The Screwtape Letters by C.S Lewis

FINAL RATING: «««««

SHORT REVIEW!

Screwtape baby, where have you been all my life?

This is yet ANOTHER book I finished in such a short period of time this month (half a day, actually), which I was NOT expecting, for I am definitely not a fan of epistolary novels…at all. In fact, I kinda hate them.

However, this book may have opened my mind up a bit to that format. I feel that C.S Lewis struck this one chord on the harp, and it just kept making the same beautiful sound as I finished each chapter (or letter). I loved the satire on the human race and the demon’s perspective on it.
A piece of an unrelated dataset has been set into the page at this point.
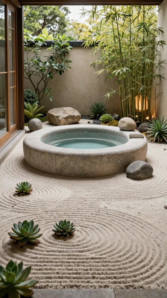 Transform your indoor space into a Zen garden oasis with a minimalist hot tub design. Opt for a sleek stone or concrete hot tub, surrounded by neatly raked sand or smooth gravel. Low-maintenance plants like succulents and bamboo can enhance the authentic Japanese feel, making this space a peaceful retreat. Adding decorative stones or a gentle fountain will further enhance the calming atmosphere.

Instead of just being a red-skinned moron who just uses curse words and blames God for his fall, instead Screwtape is portrayed as an intelligent, well-read mastermind of a spirit that probably knows more about human behavior than most of us do (since we’re too busy jabbering instead of listening and looking around).
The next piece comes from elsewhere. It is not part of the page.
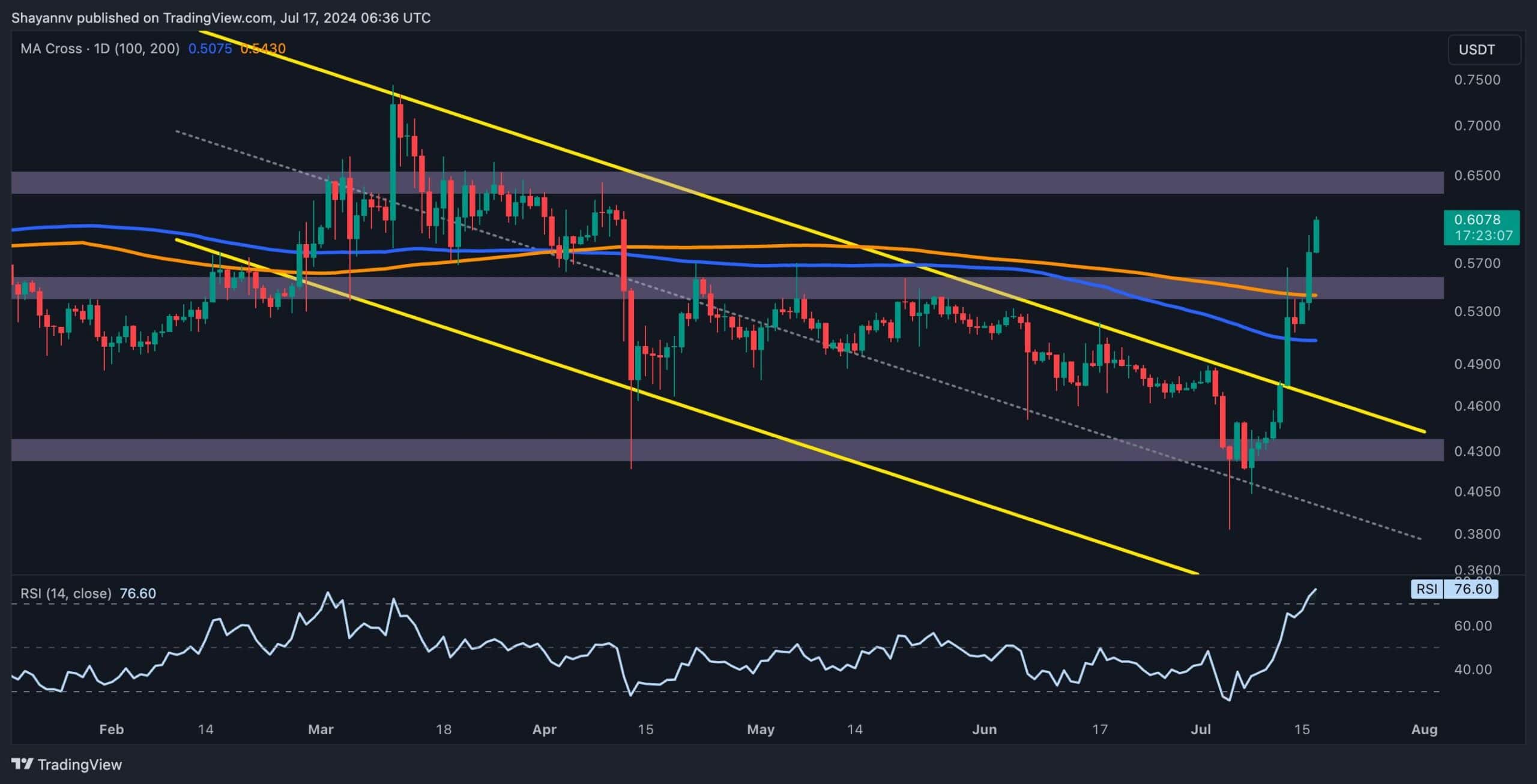 This surge allowed XRP to break out of a multi-month descending channel, surpassing several resistance zones, including the 100-day ($0.50) and 200-day ($0.54) moving averages and the crucial $0.55 static resistance level.

I’ve been on a C.S. Lewis binge lately, and ever since I picked up and read almost every book in the Narnia series (just gotta finish The Voyage of the Dawn Treader), I wanted to read his other works. The one everybody talks about is “The Screwtape Letters.” I was so pleasantly surprised by it that I’m going to read everything else he’s written (Mere Christianity, the Great Divorce, etc).

There’s this really awesome quote from this book that I was truly not expecting. Let me quote Letter no. 20 from Screwtape, himself when he’s referring to women in advertising and modern art:

“It is all fake, of course; the figures in the popular art are falsely drawn; the real women in bathing suits or tights are actually pinched in and propped up to make them appear former and more slender and more boyish than nature allows full-grown woman to be. Yet at the same time, the modern world is taught to believe is that being “frank” and “healthy” are getting back to nature. As a result we are more are more directing the desires of men to something which does not exist–making the role of the eye in sexuality more and more important and at the same time making its demands more and more impossible. What follows you can easily forecast!”

We should definitely get some literary demons into the feminist movement pretty soon.

There are many more amazing quotes from this book, but this one is probably my favorite; and if you want to read the others read the damned (no pun intended) book already and stop reading this review!